INSTRUCTIONS FOR THE TASK: For the full listing below, write out each entry exactly and exclude the images.

EXTRACTED RECORDS:
-------------------------

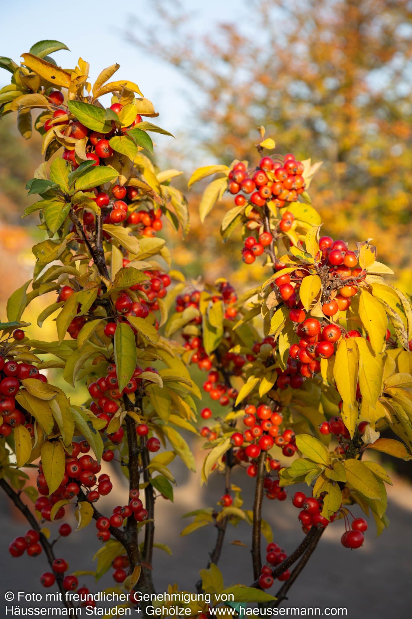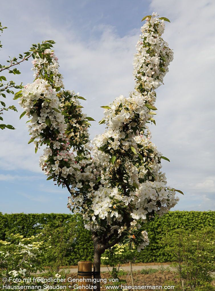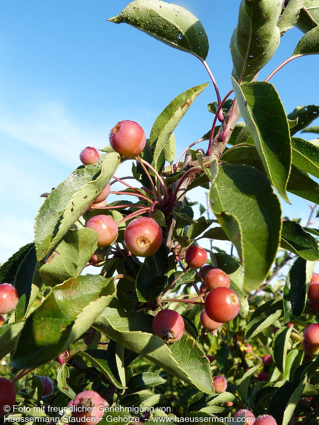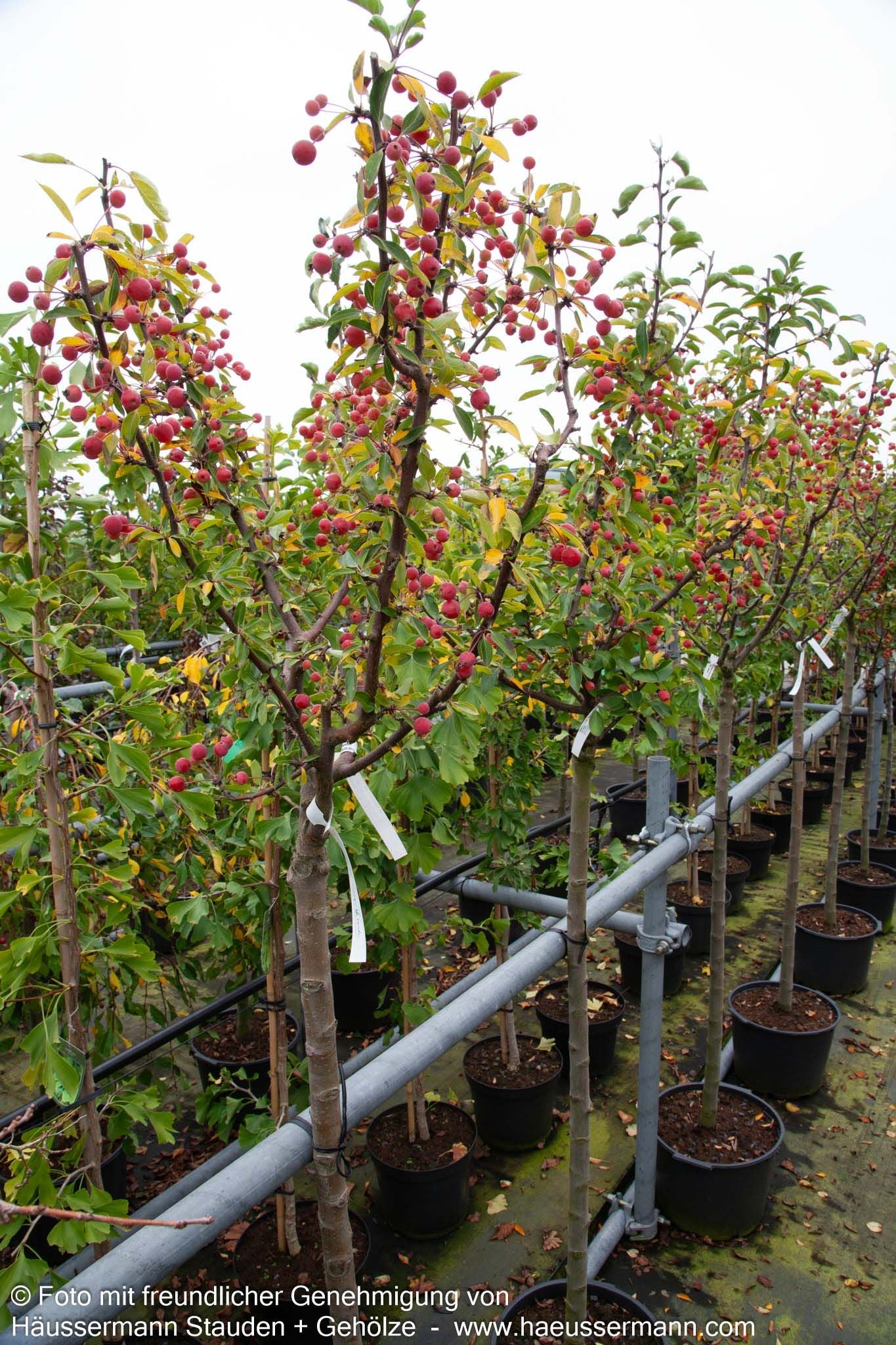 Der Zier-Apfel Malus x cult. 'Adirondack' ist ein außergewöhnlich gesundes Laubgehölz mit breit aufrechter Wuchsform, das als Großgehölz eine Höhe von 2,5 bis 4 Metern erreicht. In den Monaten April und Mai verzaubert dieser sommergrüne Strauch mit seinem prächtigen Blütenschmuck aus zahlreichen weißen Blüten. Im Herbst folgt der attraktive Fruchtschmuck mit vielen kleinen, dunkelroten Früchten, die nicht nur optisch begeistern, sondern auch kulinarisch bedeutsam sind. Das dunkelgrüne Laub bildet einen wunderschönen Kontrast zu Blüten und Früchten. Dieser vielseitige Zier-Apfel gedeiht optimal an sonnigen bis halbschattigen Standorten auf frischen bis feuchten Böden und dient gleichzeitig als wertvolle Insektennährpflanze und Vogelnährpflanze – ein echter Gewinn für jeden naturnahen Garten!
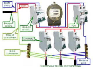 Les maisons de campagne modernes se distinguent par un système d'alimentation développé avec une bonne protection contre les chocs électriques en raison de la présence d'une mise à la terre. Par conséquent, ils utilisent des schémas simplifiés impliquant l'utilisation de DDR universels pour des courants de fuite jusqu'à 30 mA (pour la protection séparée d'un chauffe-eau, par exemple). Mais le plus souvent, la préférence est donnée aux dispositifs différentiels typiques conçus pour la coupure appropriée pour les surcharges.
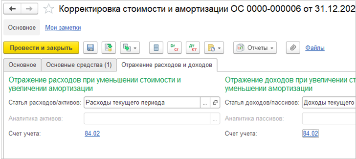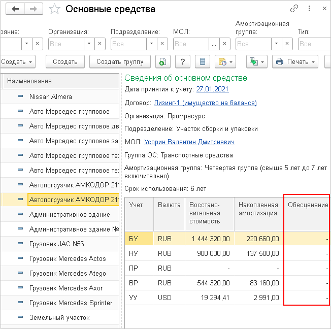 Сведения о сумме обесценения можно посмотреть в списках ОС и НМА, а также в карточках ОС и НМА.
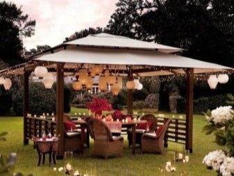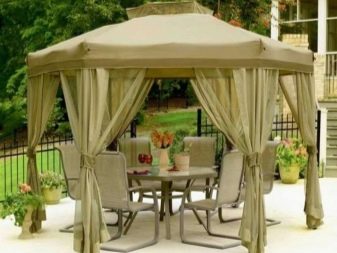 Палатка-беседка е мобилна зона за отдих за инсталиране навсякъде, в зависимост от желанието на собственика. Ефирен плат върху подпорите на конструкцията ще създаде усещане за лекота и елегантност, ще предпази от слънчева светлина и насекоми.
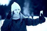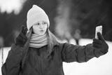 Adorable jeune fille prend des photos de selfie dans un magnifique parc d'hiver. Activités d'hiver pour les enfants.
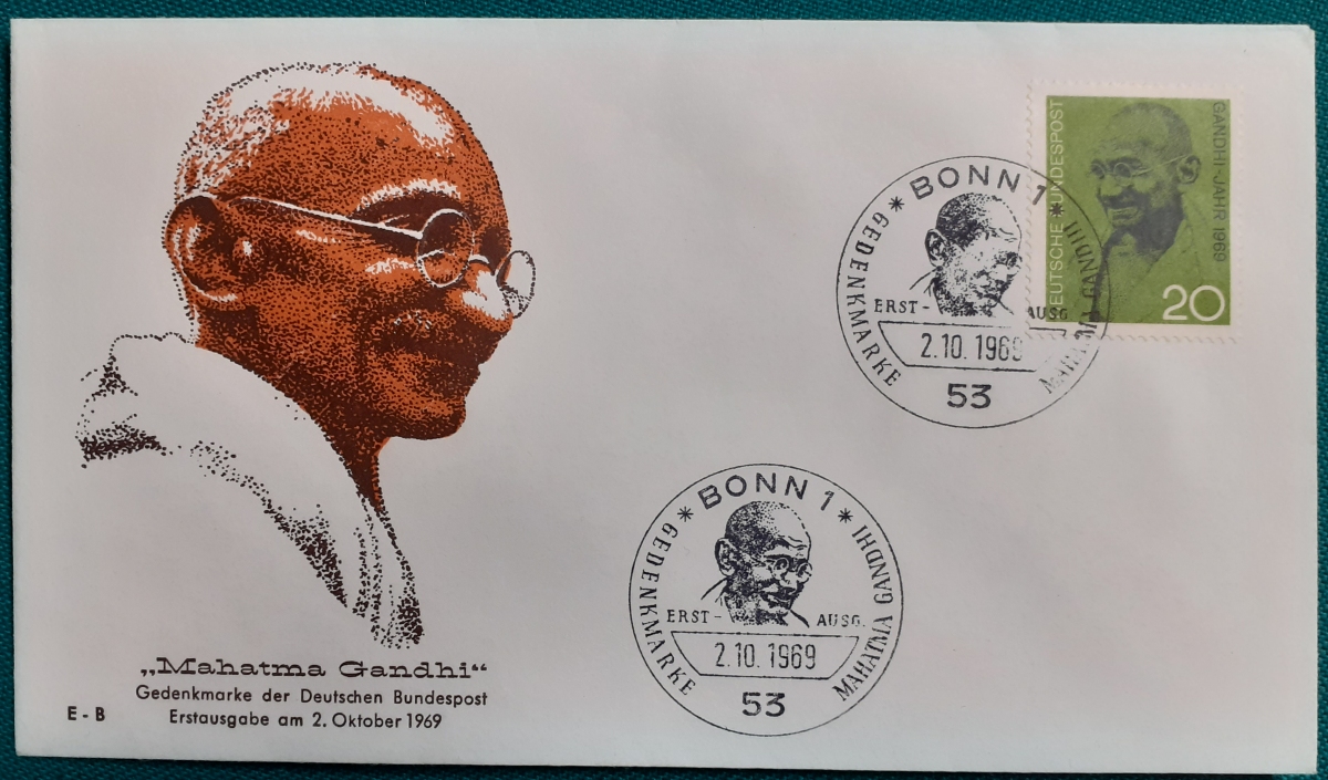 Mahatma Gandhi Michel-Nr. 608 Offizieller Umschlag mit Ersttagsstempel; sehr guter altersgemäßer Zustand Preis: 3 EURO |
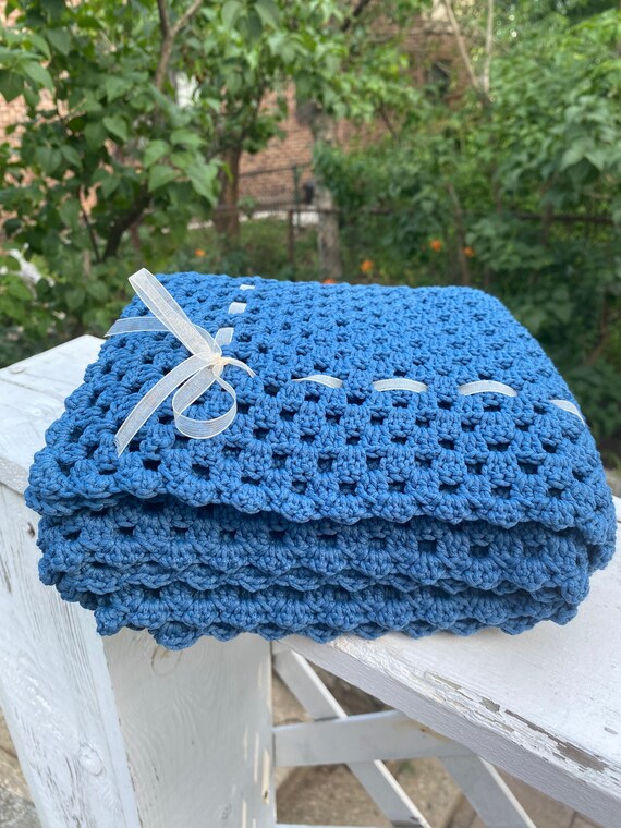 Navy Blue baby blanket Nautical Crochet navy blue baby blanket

-------------------------

YOUR RESPONSE:
 Der Zier-Apfel Malus x cult. 'Adirondack' ist ein außergewöhnlich gesundes Laubgehölz mit breit aufrechter Wuchsform, das als Großgehölz eine Höhe von 2,5 bis 4 Metern erreicht. In den Monaten April und Mai verzaubert dieser sommergrüne Strauch mit seinem prächtigen Blütenschmuck aus zahlreichen weißen Blüten. Im Herbst folgt der attraktive Fruchtschmuck mit vielen kleinen, dunkelroten Früchten, die nicht nur optisch begeistern, sondern auch kulinarisch bedeutsam sind. Das dunkelgrüne Laub bildet einen wunderschönen Kontrast zu Blüten und Früchten. Dieser vielseitige Zier-Apfel gedeiht optimal an sonnigen bis halbschattigen Standorten auf frischen bis feuchten Böden und dient gleichzeitig als wertvolle Insektennährpflanze und Vogelnährpflanze – ein echter Gewinn für jeden naturnahen Garten!
 Les maisons de campagne modernes se distinguent par un système d'alimentation développé avec une bonne protection contre les chocs électriques en raison de la présence d'une mise à la terre. Par conséquent, ils utilisent des schémas simplifiés impliquant l'utilisation de DDR universels pour des courants de fuite jusqu'à 30 mA (pour la protection séparée d'un chauffe-eau, par exemple). Mais le plus souvent, la préférence est donnée aux dispositifs différentiels typiques conçus pour la coupure appropriée pour les surcharges.
 Сведения о сумме обесценения можно посмотреть в списках ОС и НМА, а также в карточках ОС и НМА.
 Палатка-беседка е мобилна зона за отдих за инсталиране навсякъде, в зависимост от желанието на собственика. Ефирен плат върху подпорите на конструкцията ще създаде усещане за лекота и елегантност, ще предпази от слънчева светлина и насекоми.
 Adorable jeune fille prend des photos de selfie dans un magnifique parc d'hiver. Activités d'hiver pour les enfants.
 Mahatma Gandhi Michel-Nr. 608 Offizieller Umschlag mit Ersttagsstempel; sehr guter altersgemäßer Zustand Preis: 3 EURO |
 Navy Blue baby blanket Nautical Crochet navy blue baby blanket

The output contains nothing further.